Also what about the wood? Did you buy it somewhere or did you find it and prep it yourself?


----------



## louisvillain2.0 (May 16, 2007)

I'm in australia and got the lights through my LFS. Try source them through ebay, my LFS gets them from Hong Kong and I'm pretty sure that supplier has an ebay store. About $190AUD for the lights. Runs two banks of 4 tubes on seperate switches so you can have 4 on then have all 8 come on for a few hours then back to just 4 (running 4x10000k and 4x6500k). Just need to rig up a bracket to hang it from. Branchy roots were collected from a local creek. Plants are all lowlight carry-overs from the previous scape, bolbitis, needle leaf java fern, crypts, jungle and nana val and micro val lawn. Various mosses and mini pellia on the woods as well.


----------



## Sheppard (Jul 8, 2004)

Well I decided to go with T5's. The light is ordered and is being made for me right now. 
It's 72" with 6x 54watt T5's. I can't wait. There were other units with 8 bulbs but I figure this route was easier than getting 8x39watts because 6x54 watts is more power with less bulbs and less space.

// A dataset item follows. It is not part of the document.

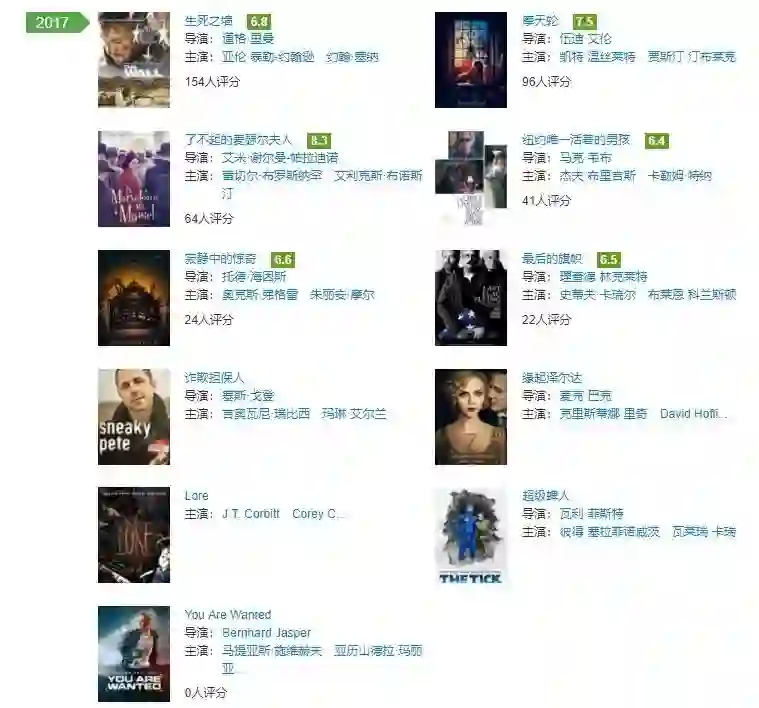 亚马逊工作室2017年出品的作品(数据来源:时光网)

The bulbs will be staggered 3 on each end overlapping down the middle since the bulbs are 48" and this a 72" unit. 
I can't wait, I'll have pics up soon as it arrives. Heres a quick pic I have of what it will look like.


----------



## ryanimpreza (Jul 19, 2006)

that will be a sweet set up for sure.


----------



## louisvillain2.0 (May 16, 2007)

Definitely gonna be a nice unit.


----------



## l2ob (May 22, 2004)

nice unit. Do you mind sending me a pm where abouts you got that? im wanted to upgrade lighting on my 75 and 135g which is an 8footer and i like this idea you have going. Thanks


----------



## Sheppard (Jul 8, 2004)

^^Wait a sec, how is your 135g an 8footer? I guess it's not a standard 135g and you got it custom made?


----------



## traumatic (Jan 29, 2003)

sounds cool shep!

sweet tank louisvillain


----------



## l2ob (May 22, 2004)

Sheppard said:


> ^^Wait a sec, how is your 135g an 8footer? I guess it's not a standard 135g and you got it custom made?


its an acrylic tank i aquired from a friends dad that got it from the hyatt at which he works at. It measures out like 133 but i say 135 to keep it simple. Its not wide though only 16 inches i believe, so im looking into wider tanks. Anyways, could ya pm me where ya got those lights? looking for some ways of lighting my tanks. Thanks!


----------